◆ HOW TO COMPLETE THIS TASK:
Using the listing below, output only the lines from the one that contains "Researchers study avalanches" through the one that contains "Parure Set composta", inclusive, exactly as given and without images.

◆ MATERIAL FOR THIS EXERCISE:

+ + + + + + +

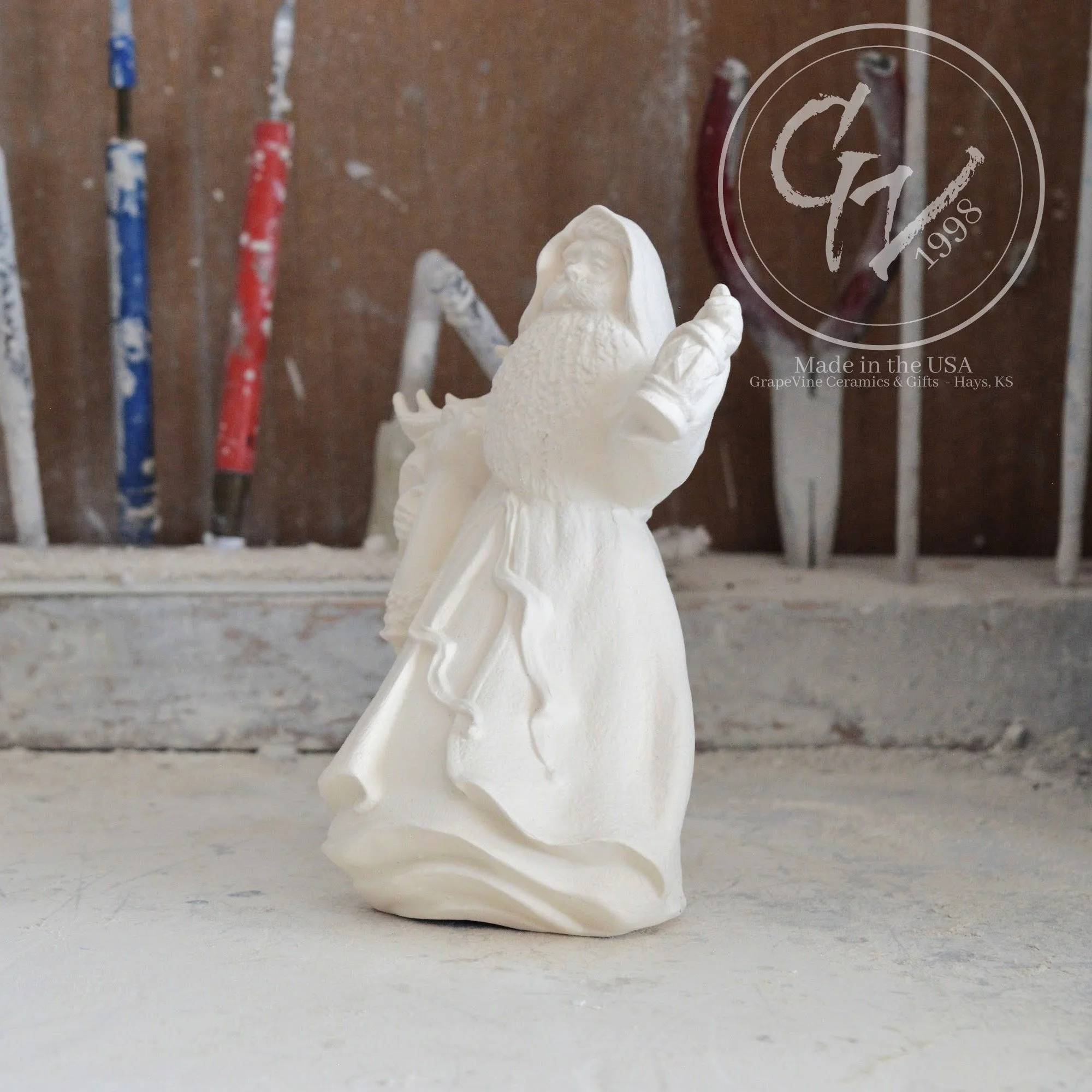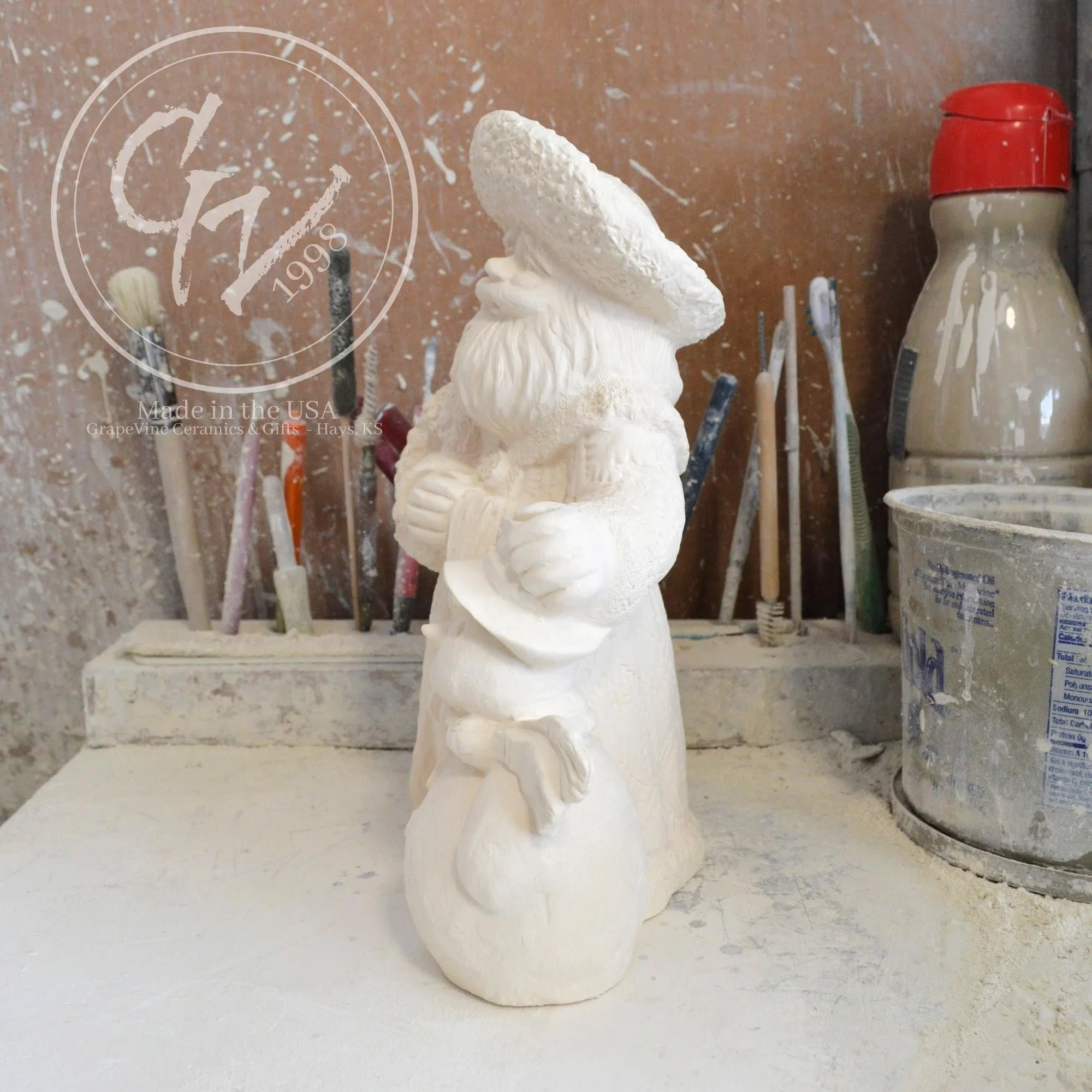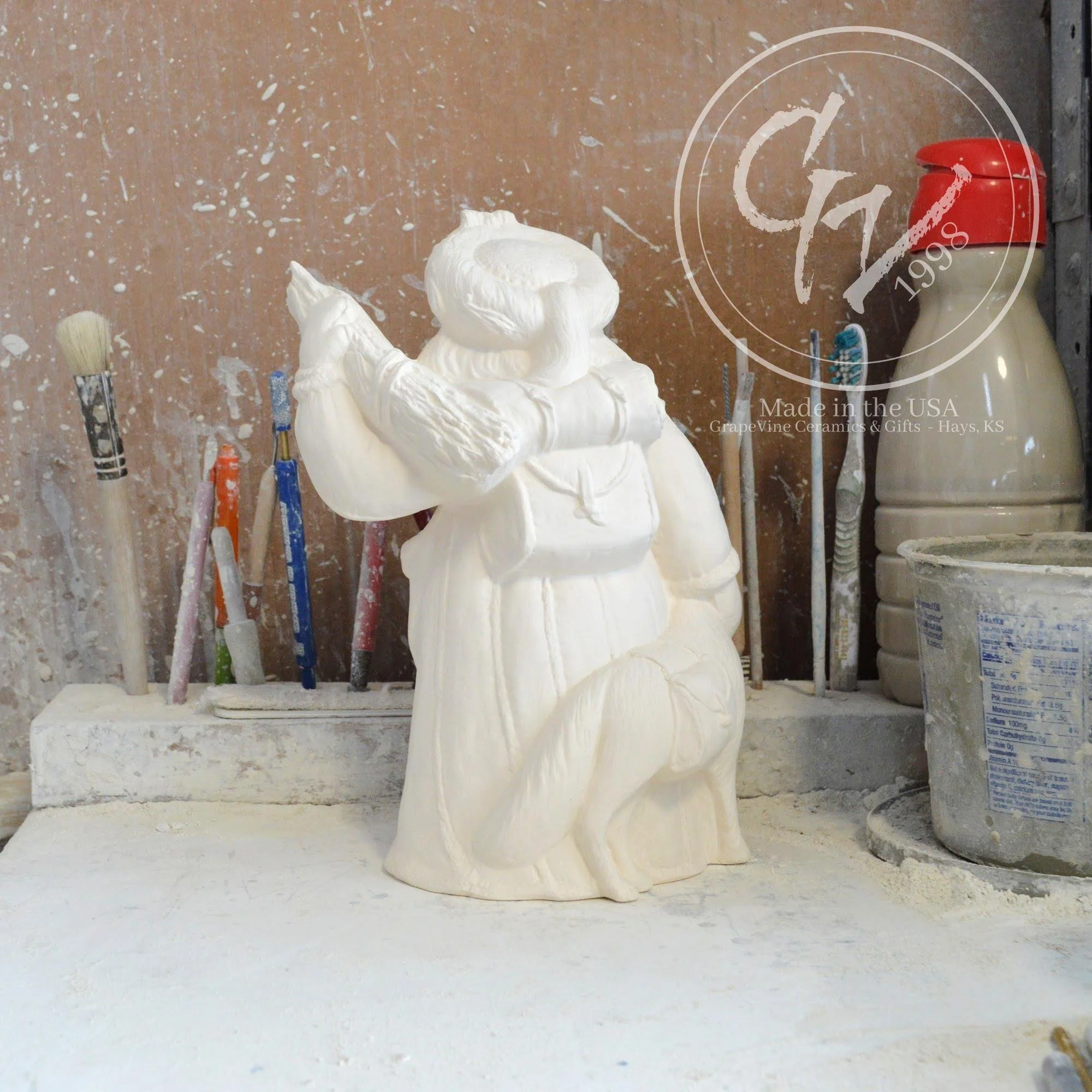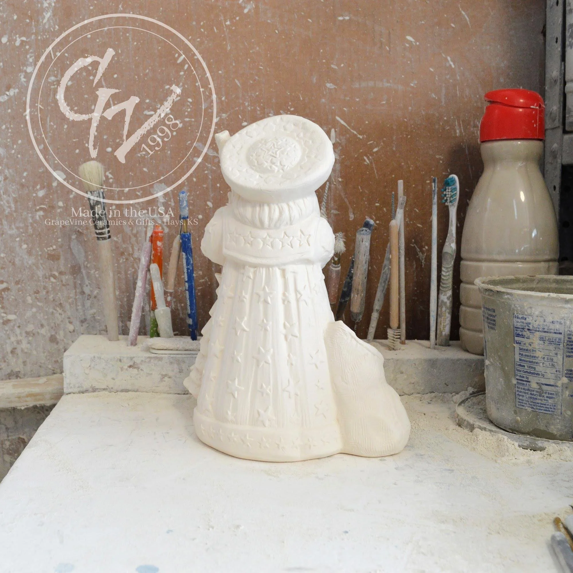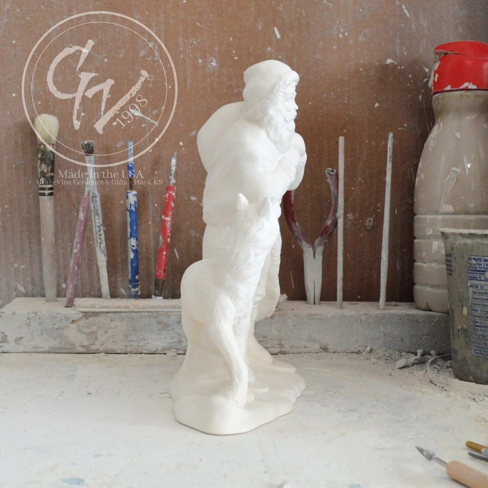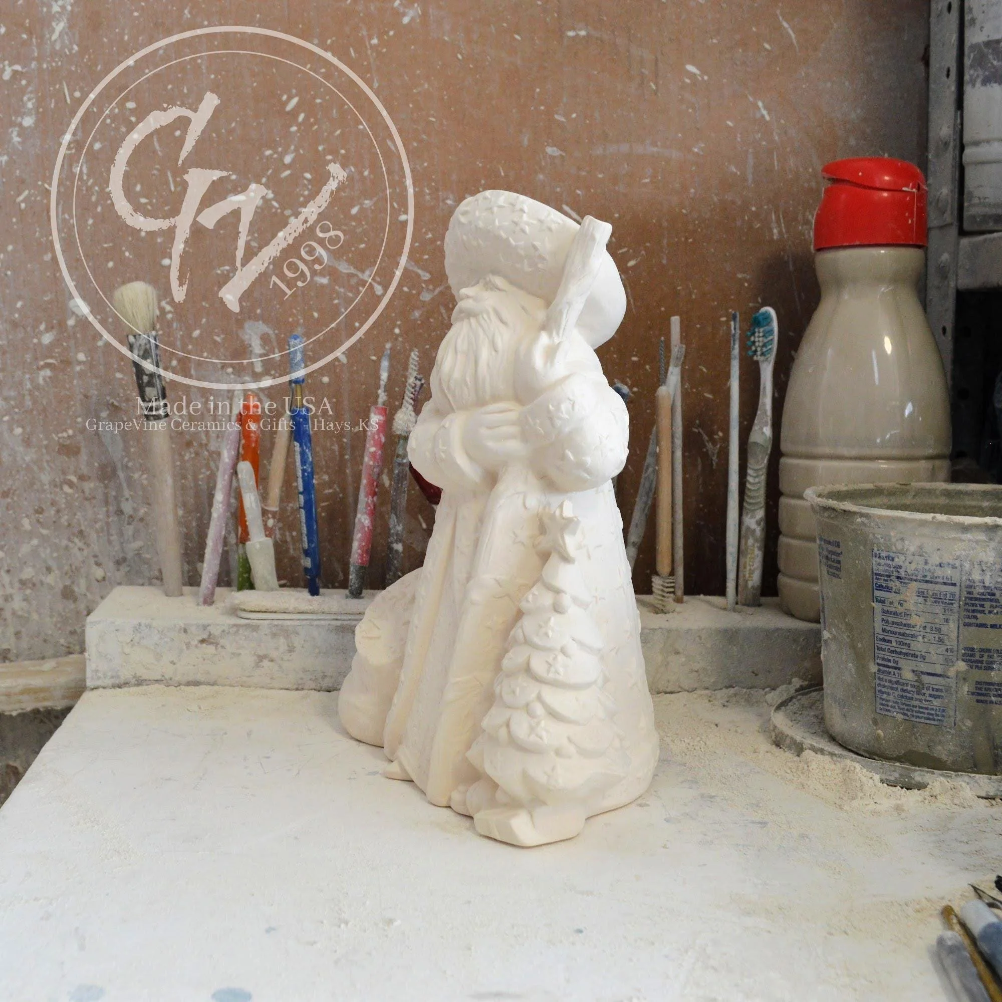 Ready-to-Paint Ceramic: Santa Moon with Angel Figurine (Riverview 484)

+ + + + + + +

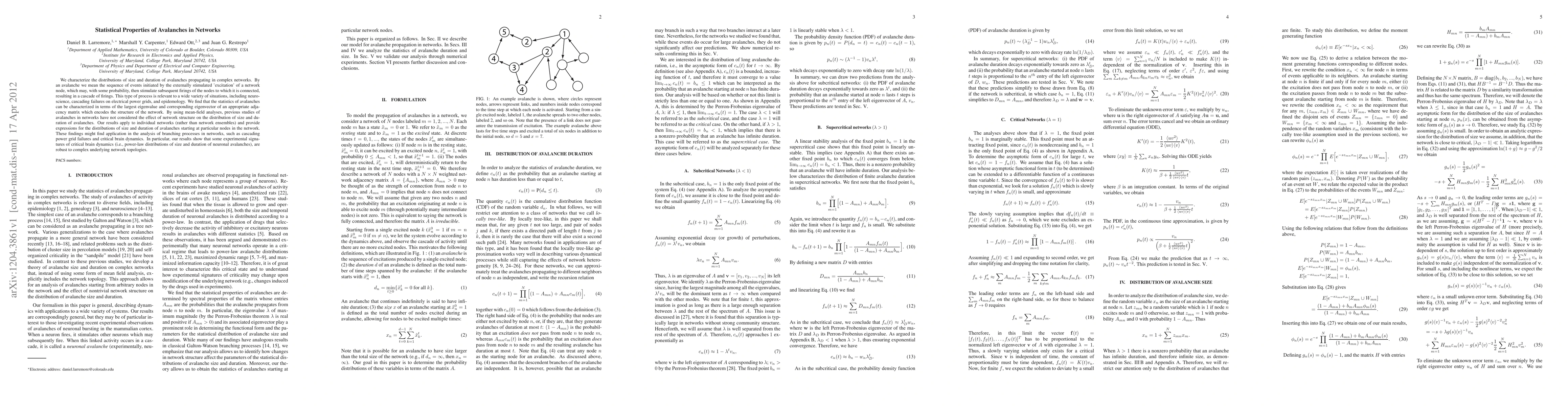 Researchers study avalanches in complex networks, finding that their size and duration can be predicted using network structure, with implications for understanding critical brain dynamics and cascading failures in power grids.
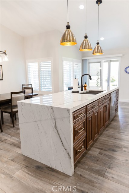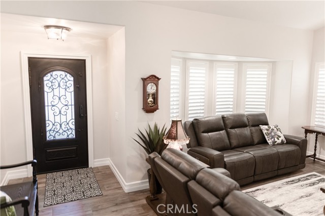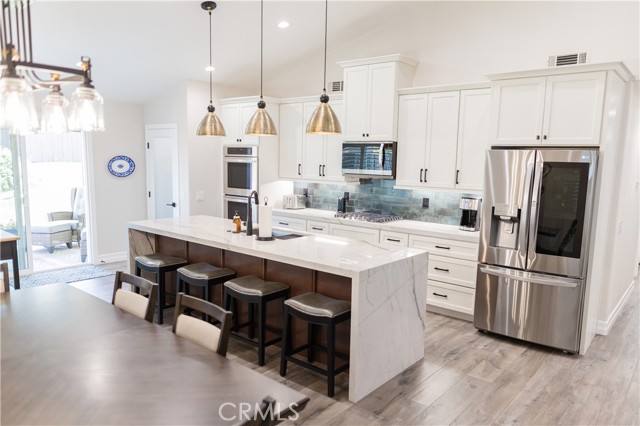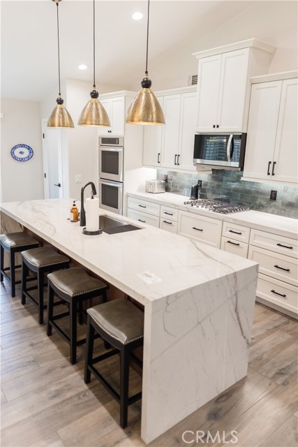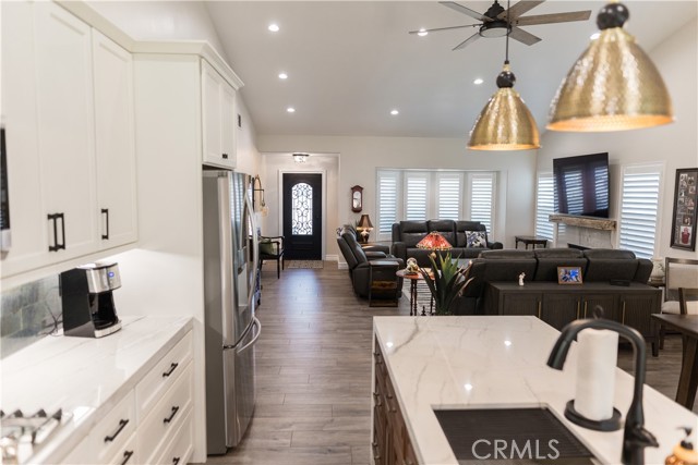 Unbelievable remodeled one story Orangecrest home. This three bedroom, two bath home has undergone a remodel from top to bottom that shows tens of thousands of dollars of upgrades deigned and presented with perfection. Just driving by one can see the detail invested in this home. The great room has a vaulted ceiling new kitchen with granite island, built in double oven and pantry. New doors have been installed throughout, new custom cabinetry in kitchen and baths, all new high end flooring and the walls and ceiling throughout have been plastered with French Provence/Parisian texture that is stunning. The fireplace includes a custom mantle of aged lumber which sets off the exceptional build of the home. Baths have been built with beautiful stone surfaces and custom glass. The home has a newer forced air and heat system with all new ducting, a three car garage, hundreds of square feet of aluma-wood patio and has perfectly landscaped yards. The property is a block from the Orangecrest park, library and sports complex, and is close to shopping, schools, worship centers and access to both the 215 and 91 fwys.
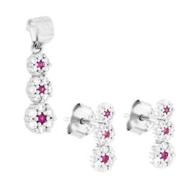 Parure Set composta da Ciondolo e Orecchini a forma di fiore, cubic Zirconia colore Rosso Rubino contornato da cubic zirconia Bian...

+ + + + + + +

◆ WRITTEN SOLUTION:
 Researchers study avalanches in complex networks, finding that their size and duration can be predicted using network structure, with implications for understanding critical brain dynamics and cascading failures in power grids.
 Unbelievable remodeled one story Orangecrest home. This three bedroom, two bath home has undergone a remodel from top to bottom that shows tens of thousands of dollars of upgrades deigned and presented with perfection. Just driving by one can see the detail invested in this home. The great room has a vaulted ceiling new kitchen with granite island, built in double oven and pantry. New doors have been installed throughout, new custom cabinetry in kitchen and baths, all new high end flooring and the walls and ceiling throughout have been plastered with French Provence/Parisian texture that is stunning. The fireplace includes a custom mantle of aged lumber which sets off the exceptional build of the home. Baths have been built with beautiful stone surfaces and custom glass. The home has a newer forced air and heat system with all new ducting, a three car garage, hundreds of square feet of aluma-wood patio and has perfectly landscaped yards. The property is a block from the Orangecrest park, library and sports complex, and is close to shopping, schools, worship centers and access to both the 215 and 91 fwys.
 Parure Set composta da Ciondolo e Orecchini a forma di fiore, cubic Zirconia colore Rosso Rubino contornato da cubic zirconia Bian...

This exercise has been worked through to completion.